The solution that he proposes is to artificially recreate the boom economy by using the various powers of government to inflate the economy back to where it had been.

Roosevelt - the most influential post-Keynesian Lefty in our history - used a method of creating government jobs to try and achieve this. Obama sent out checks to the every man and invested in startups, focussing on new (green) technologies. Reagan and other Republicans have generally lowered taxes.

In all cases, the goal is to keep the economy afloat until things start to recover. None of this actually produces a recovery - recovery is largely a matter of public psychology, rather than anything economic - it’s just meant to staunch the death spiral from occurring. And in all cases, the government is taking a haircut or going into debt to accomplish the goal.

And, in all cases, the goal is basically to create employment.

If you pump the economy with money, e.g. by sending out checks, then theoretically that helps with demand because the people who get the money are going to turn around and spend it on stuff. But, there’s a risk that people will instead just put the extra money under their mattress or that employers will realize that it’s an artificial demand increase and distrust ramping up production to match it.

If you create a bunch of government jobs, then certainly you’ve kept people employed. But, there’s a risk that those jobs aren’t really training the workers for what the economy needs, since it’s just some random task (e.g., building a bridge to nowhere) not one created by market forces, and that people will stay rather skittish and distrustful of the health of the economy, because they know that all these temporary jobs have a due by date. As mentioned before, economic recovery depends on the public psyche.

So neither of these methods is a slam dunk. I’d be hesitant to put much stock in them.

The supply side of things takes the premise that you can’t really create demand and have anyone trust it, nor is reasonable to try and create an artificial economy, for the same reason that central planning made the Soviet State highly inefficient - you can’t intellectually come to the same conclusion as actual market forces.

Instead, what you can do is invest in the next generation of businesses. If you can boost the number of startups, then you’re letting the market decided which possible technologies are worth putting resources into. Startups have no expectation of having demand nor of making a profit for several years, they encourage workers to work for smaller wages since the workers are more prone to think that it’s reasonable for a startup to offer less than Microsoft would, they’ll allow the employees to continue developing in interesting fields that the market is interested in, and most employees won’t view it as a temporary nor artificial gig.

Basically, it allows the government to do the same thing as Roosevelt, but without the demerits of a planned economy. You create a bunch of make-work for the unemployed, with the hopes that either the economy repairs itself or that the make-work produces something which will help to spur the economy forward again. Obama went halfway, by directly investing in a few specific industries.

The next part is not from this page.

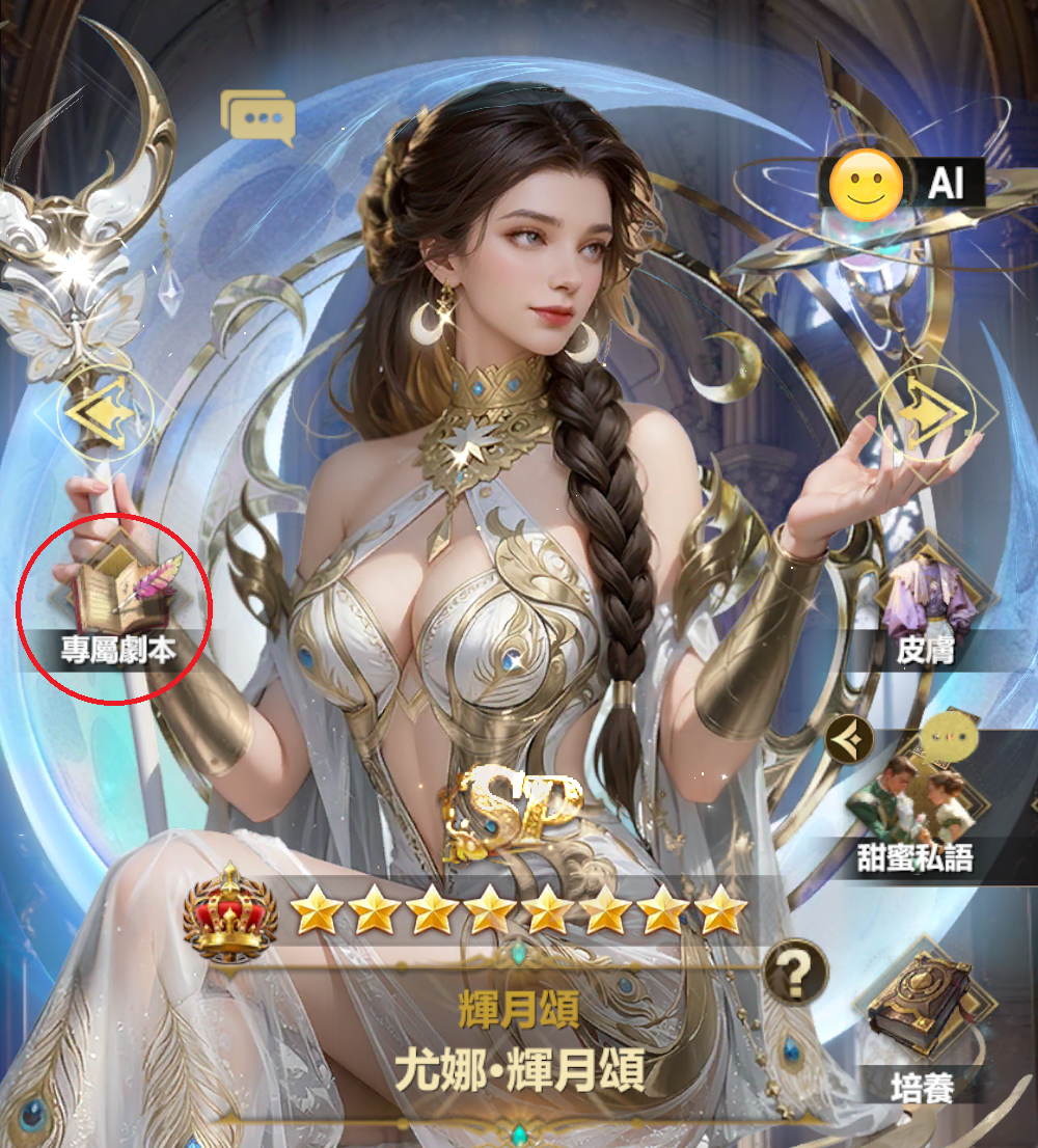 完成劇本任務通關後,在 SP 騎士界面點擊右上方的【AI圖標】

There’s the risk that the wealthy will simply put the money under their mattress, just like the poor would if given free money. But in general, you get wealthy by using money, not by hoarding it, so the odds are probably slimmer. So probably the greater risk is that you’re encouraging people to invest more heavily in high risk investments. Consequently, there’s a risk that you’re creating a new financial bubble and setting people up for another big bust.

So basically, none of these are slam dunks by any means. Personally, I would argue that it makes more sense to go back to the root cause and figure out ways to push wages down to match the health of the economy. But as of yet, this isn’t an idea that politicians have been willing to tamper with.

Another option, which I don’t think really fits on either side, is to offer scholarships, so that people can go back to school during an economic downturn. There’s probably no strong downsides to this, but it probably only works as part of a larger overall plan of attack.

The “economy” is not some separate entity that is detached from “job creators”, the “jobs” they create, the needs and wants of the people or the products and services used to fill them. It is the sum of all those things. They are all inter-connected and the aggregate of all the business transactions that connect them is the “economy”.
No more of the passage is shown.